The Friday 5×2: KNAK (1280 AM Salt Lake City), 12/5/69

We visited KNAK in Salt Lake City earlier this year, so let’s jump a little ahead from that and check out their survey from December of 1969. There are 12 songs here, because there are two double-"A" side songs, which you’ll see shortly.
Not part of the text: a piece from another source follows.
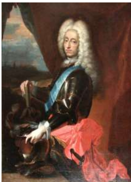
Frederik den Fjerde

De bedste virkninger af loven kunne spores i, at kongens søskende, prinsesse Sophie Hede-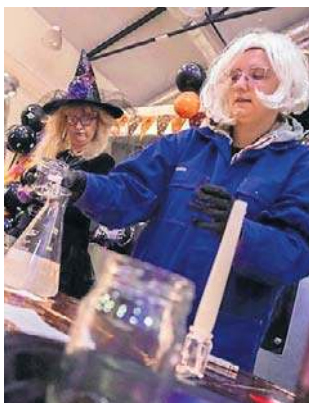
Halloweenowe spotkania w SK to już tradycja.

  • #10: The Tokens, "She Lets Her Hair Down" True one-hit wonders (1961’s "The Lion Sleeps Tonight" reached #1 and was their only Top 40 hit), they reached #61 on the Hot 100 and #43 in Canada with this. Seems strange. I heard this for the first time today.
  • #9: The Grass Roots, "Heaven Knows" A minor hit that reached #24 on the Hot 100 (Cash Box had it at #13 and Record World had it at #12), It was sandwiched between "I’d Wait A Million Years" and "Temptation Eyes."
  • #8: Stevie Wonder, "Yester-me, Yester-you, Yesterday" Stevie hadn’t reached his "woke" period of the early ’70’s just yet and was still cranking out songs like this, which reached #7 on the Hot 100, #5 on the R&B chart, and #10 on the Adult Contemporary chart.
  • #7: Neil Diamond, "Holly Holy" Neil’s changing record labels from Bang to Uni resulted in his being better promoted. This followed the success of "Sweet Caroline" and reached #6.
  • #6: The Beatles, "Come Together"/"Something" Allen Klein, who had been hired to run Apple, had this single released because the company needed the money. It went to #1 in the US and #4 in the UK.
  • #5: Mel & Tim, "Backfield In Motion" Mel & Tim hailed from Holly Springs, Mississippi and moved to Chicago, where they were discovered by "The Duke Of Earl," Gene Chandler. This was their only song to reach the Top 40 on the Pop chart; it reached #4 on the R&B chart and they had a second hit on the R&B chart, "Starting All Over Again," in 1972.
  • #4: Three Dog Night, "Eli’s Coming" Great song by a great songwriter (Laura Nyro) and performed by a great band (Three Dog Night). This was their third Top 10 sinle in a row, raching #10 in the US and #8 in Canada.
  • #3: Creedence Clearwater Revival, "Fortunate Son"/"Down On The Corner" two A side songs helped this to #3 on the Hot 100. Creedence had five records reach #2 but never one that went all the way.
  • #2: Peter Paul & Mary, "Leaving On A Jet Plane" A song by John Denver that ended up being PP&M’s only #1 hit.
  • #1: Diana Ross & The Supremes, "Someday We’ll Be Together" Their last #1 together, as Diana Ross would start her solo career in 1970.

And that’s The Friday 5×2 for December 6, 2019.